▶ [Aim of the exercise] Each entry below should be returned exactly as is, with the pictures removed.
--- Records provided ---
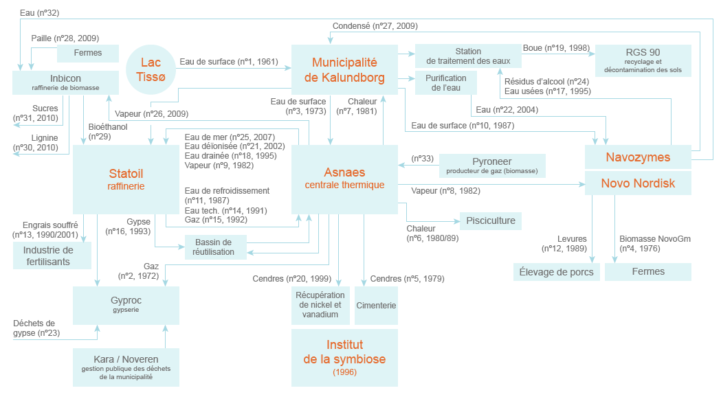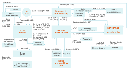 Schéma de la symbiose industrielle, état en 2010. Légende flux : rang chronologique, nature du flux, année de mise en place (©D'après Christensen, 2010)
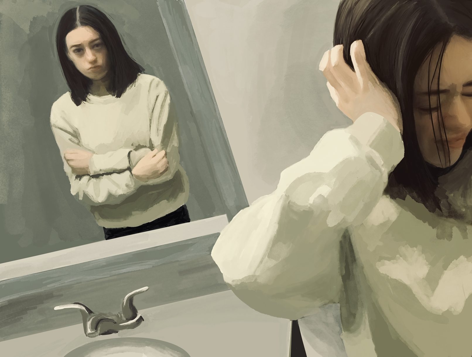 Throughout my life, I have grown viscerally aware of the effect and impact that mental health holds in each of our lives- whether that may be our friends, our family members, absolute strangers, or ourselves. I believe that ignoring addressing one's mental health is like breaking a bone and refusing to get a cast. This idea is what inspired the subject matter and title- Look At Me. This image is a self portrait and was created digitally using Procreate. I decided to utilize a self portrait set in my own bathroom to emphasize how close to home this topic is to me. I chose to paint this digitally in the style of realism to attempt to mimic a hazy, glossy photograph. The version of me outside of the mirror represents the choice of hiding from addressing the truth (mental health), while the calm, collected version of me inside of the mirror represents the opposite- healing and acceptance without stigma or judgement. When people observe this image, I hope they might look within themselves and consider, "What am I not addressing?" "What am I hiding from?" I hope this image encourages people to be open to healing mental wounds that may otherwise have been ignored. I hope people feel encouraged to look in the mirror of their minds.
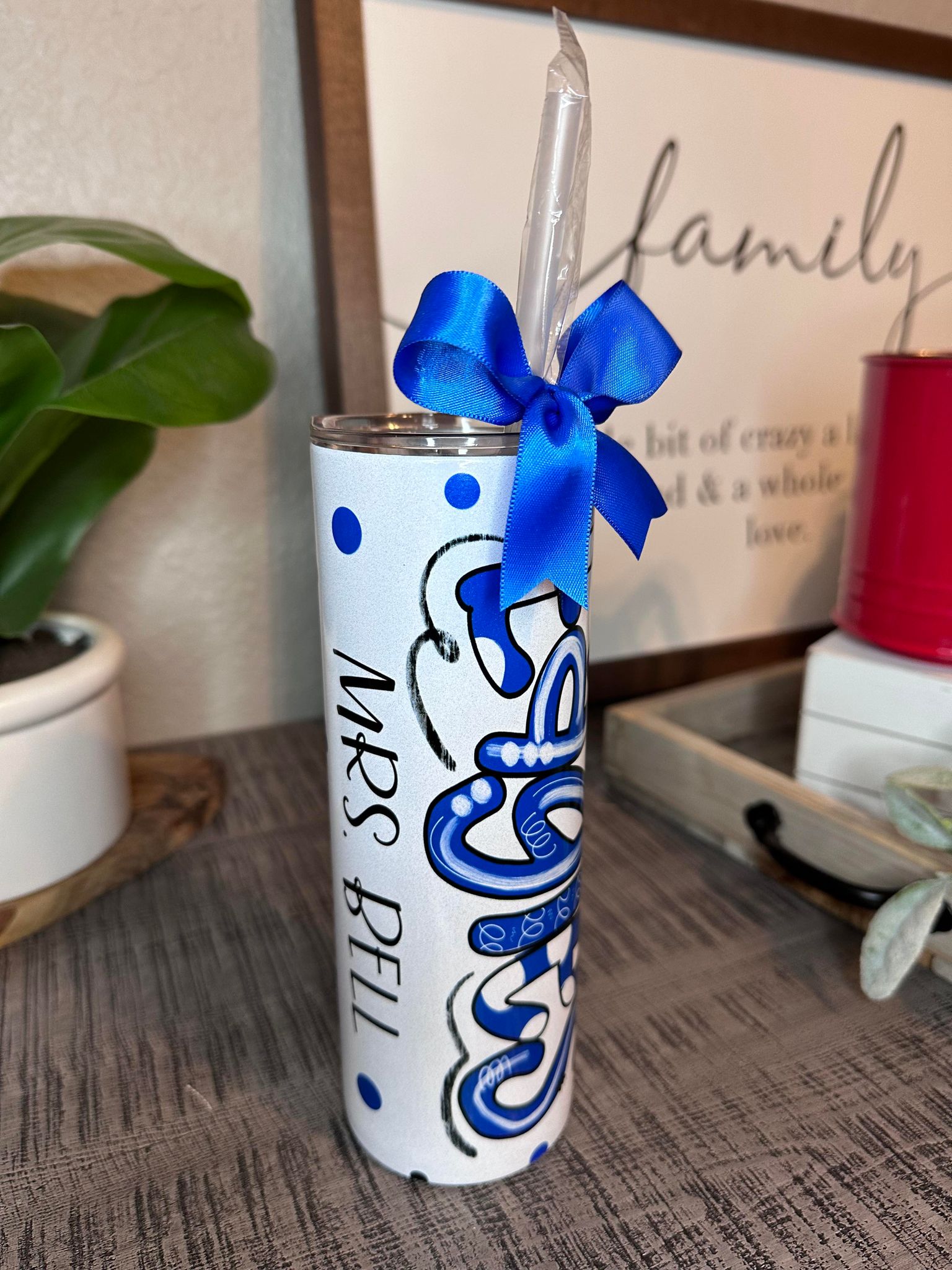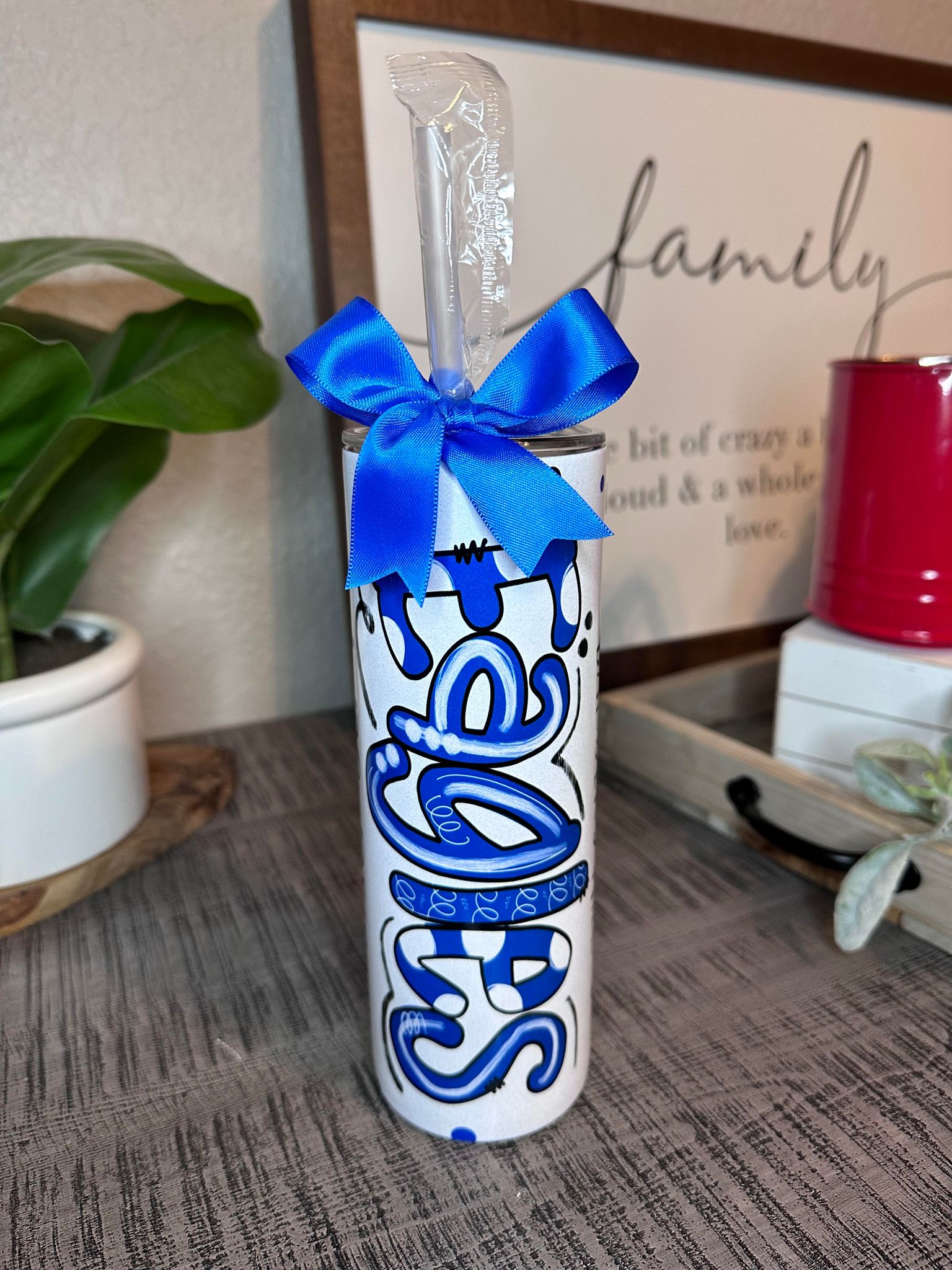 * Premium white smooth shimmery tumbler with your design printed and fused directly onto the tumbler, no cracking, peeling or fading.
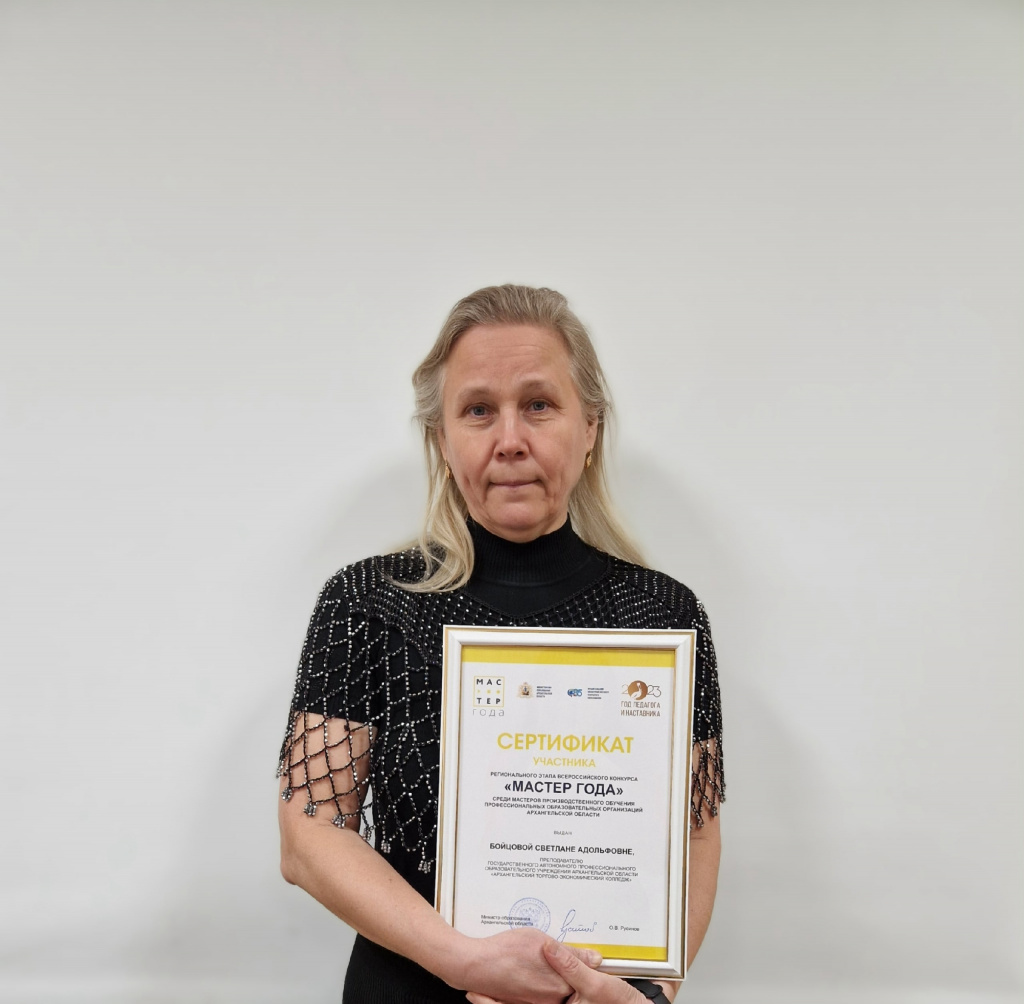 В рамках Года педагога и наставника идет выявление и развитие лучших педагогических практик в системе СПО. Преподаватель Бойцова Светлана Адольфовна приняла участие в региональном этапе Всероссийского конкурса «Мастер года» среди мастеров производственного обучения профессиональных образовательных организаций Архангельской области. Конкурс «Мастер года» – отличная возможность для преподавателей и мастеров производственного обучения со всей страны продемонстрировать свой талант наставника и профессионализм. Поздравляем Светлану Адольфовну с успешным участием в данном конкурсе! #ГПН_2023 #ГодПедагогаНаставника
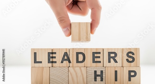 Leadership wooden cubes positioned manually with sharp foreground focus and softly diffused white background.
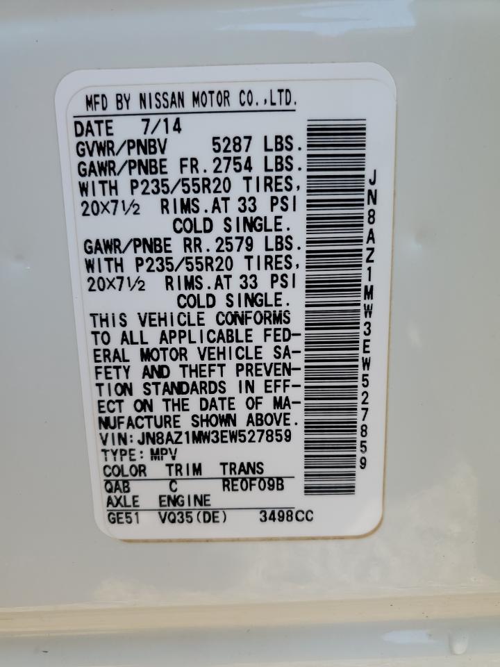 2014 NISSAN MURANO - JN8AZ1MW3EW527859, колір - Білий, 3.5, Бензин, Повний привід із США
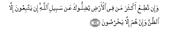 116. Wa-in tutiAA akthara man fee al-ardi yudillooka AAan sabeeli Allahi in yattabiAAoona illa alththanna wa-in hum illa yakhrusoona
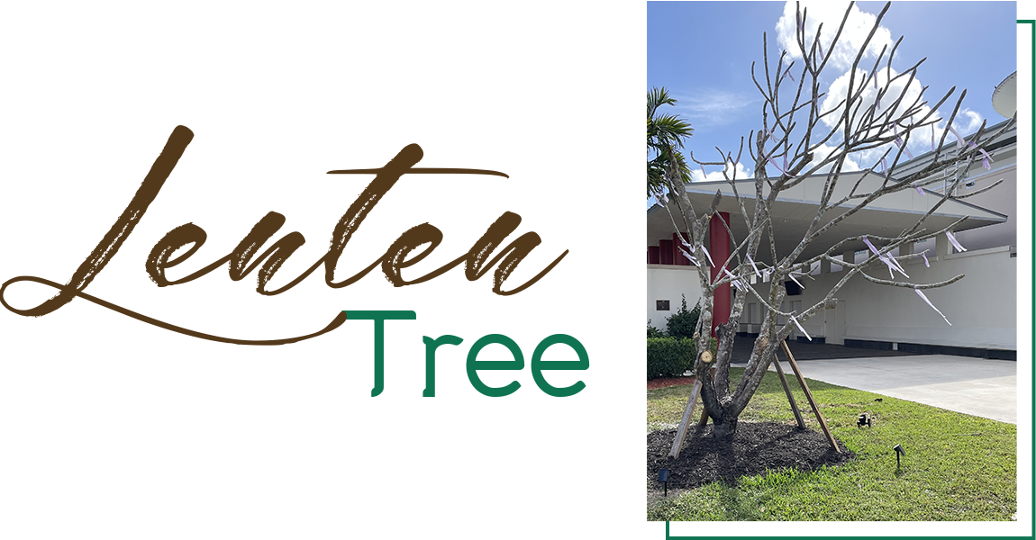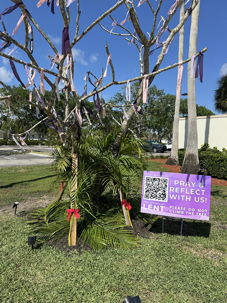 On Palm Sunday, palm branches are placed at the base and around the trunk. Symbols of welcome and victory as Jesus entered Jerusalem.
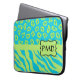 Você vai adorar esta bolsa de laptop divertida e moderna. As listras de zebra coloridas e as peles de chita para design gráfico são uma das tendências mais quentes de arte e design, e são extremamente populares de moda a decoração doméstica. Esta sofisticada coleção de zebra azul-lacrimogênea e impressão de chita e verde limão é uma das várias combinações de cores disponíveis. Um emblema de verde limão cria uma área de personalização. Isso é totalmente personalizável para personalizar e incluir seu nome, iniciais de monograma, nome comercial ou outras palavras para transmitir sua mensagem. Vai à loucura com estas designs de pele selvagem!
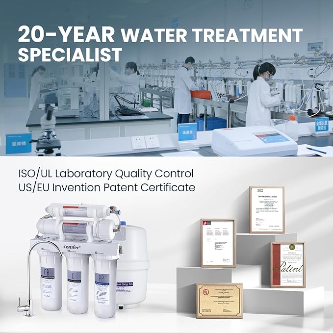 - [ 20-Year Professional Experience ]: COMFEE’ has 20 years of experience as a professional water treatment manufacturer dedicated to R&D and manufacturing. Enjoy fresh-taste water even better than most bottled water with COMFEE' reverse osmosis system and use the great-quality water for making delicious coffee, crystal-clear ice and healthy baby formula every time you turn on the faucet.
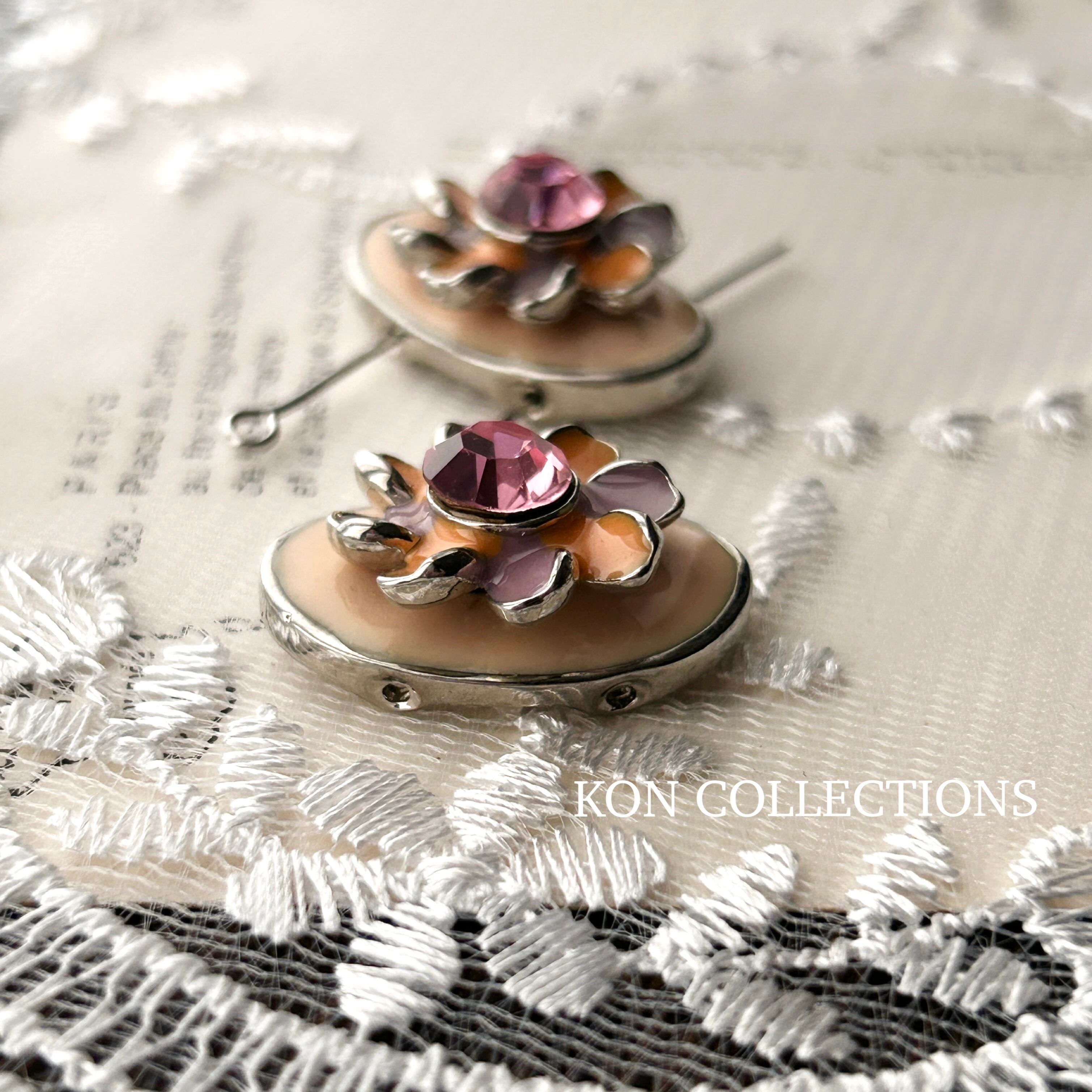 ゴムテグスに通してブレスレットにお使いいただける2ホールタイプのビーズですが、カボションとしてもお使いいただけそうです。ピーチオレンジのエナメル塗装に立体的なお花がついています。お花の中心は7mmサイズのスワロフスキーストーン。花びら部分の色の順番が個々に異なりますが、どちらになるかはおまかせください。
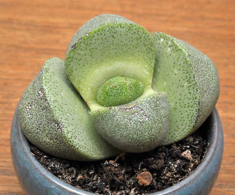 | Anacampseros rufescens is native to western South Africa; although this one looks dehydrated compared to most of its genus, it's growing well. |
---
▶ [The answer]
 Schéma de la symbiose industrielle, état en 2010. Légende flux : rang chronologique, nature du flux, année de mise en place (©D'après Christensen, 2010)
 Throughout my life, I have grown viscerally aware of the effect and impact that mental health holds in each of our lives- whether that may be our friends, our family members, absolute strangers, or ourselves. I believe that ignoring addressing one's mental health is like breaking a bone and refusing to get a cast. This idea is what inspired the subject matter and title- Look At Me. This image is a self portrait and was created digitally using Procreate. I decided to utilize a self portrait set in my own bathroom to emphasize how close to home this topic is to me. I chose to paint this digitally in the style of realism to attempt to mimic a hazy, glossy photograph. The version of me outside of the mirror represents the choice of hiding from addressing the truth (mental health), while the calm, collected version of me inside of the mirror represents the opposite- healing and acceptance without stigma or judgement. When people observe this image, I hope they might look within themselves and consider, "What am I not addressing?" "What am I hiding from?" I hope this image encourages people to be open to healing mental wounds that may otherwise have been ignored. I hope people feel encouraged to look in the mirror of their minds.
 * Premium white smooth shimmery tumbler with your design printed and fused directly onto the tumbler, no cracking, peeling or fading.
 В рамках Года педагога и наставника идет выявление и развитие лучших педагогических практик в системе СПО. Преподаватель Бойцова Светлана Адольфовна приняла участие в региональном этапе Всероссийского конкурса «Мастер года» среди мастеров производственного обучения профессиональных образовательных организаций Архангельской области. Конкурс «Мастер года» – отличная возможность для преподавателей и мастеров производственного обучения со всей страны продемонстрировать свой талант наставника и профессионализм. Поздравляем Светлану Адольфовну с успешным участием в данном конкурсе! #ГПН_2023 #ГодПедагогаНаставника
 Leadership wooden cubes positioned manually with sharp foreground focus and softly diffused white background.
 2014 NISSAN MURANO - JN8AZ1MW3EW527859, колір - Білий, 3.5, Бензин, Повний привід із США
 116. Wa-in tutiAA akthara man fee al-ardi yudillooka AAan sabeeli Allahi in yattabiAAoona illa alththanna wa-in hum illa yakhrusoona
 On Palm Sunday, palm branches are placed at the base and around the trunk. Symbols of welcome and victory as Jesus entered Jerusalem.
 Você vai adorar esta bolsa de laptop divertida e moderna. As listras de zebra coloridas e as peles de chita para design gráfico são uma das tendências mais quentes de arte e design, e são extremamente populares de moda a decoração doméstica. Esta sofisticada coleção de zebra azul-lacrimogênea e impressão de chita e verde limão é uma das várias combinações de cores disponíveis. Um emblema de verde limão cria uma área de personalização. Isso é totalmente personalizável para personalizar e incluir seu nome, iniciais de monograma, nome comercial ou outras palavras para transmitir sua mensagem. Vai à loucura com estas designs de pele selvagem!
 - [ 20-Year Professional Experience ]: COMFEE’ has 20 years of experience as a professional water treatment manufacturer dedicated to R&D and manufacturing. Enjoy fresh-taste water even better than most bottled water with COMFEE' reverse osmosis system and use the great-quality water for making delicious coffee, crystal-clear ice and healthy baby formula every time you turn on the faucet.
 ゴムテグスに通してブレスレットにお使いいただける2ホールタイプのビーズですが、カボションとしてもお使いいただけそうです。ピーチオレンジのエナメル塗装に立体的なお花がついています。お花の中心は7mmサイズのスワロフスキーストーン。花びら部分の色の順番が個々に異なりますが、どちらになるかはおまかせください。
 | Anacampseros rufescens is native to western South Africa; although this one looks dehydrated compared to most of its genus, it's growing well. |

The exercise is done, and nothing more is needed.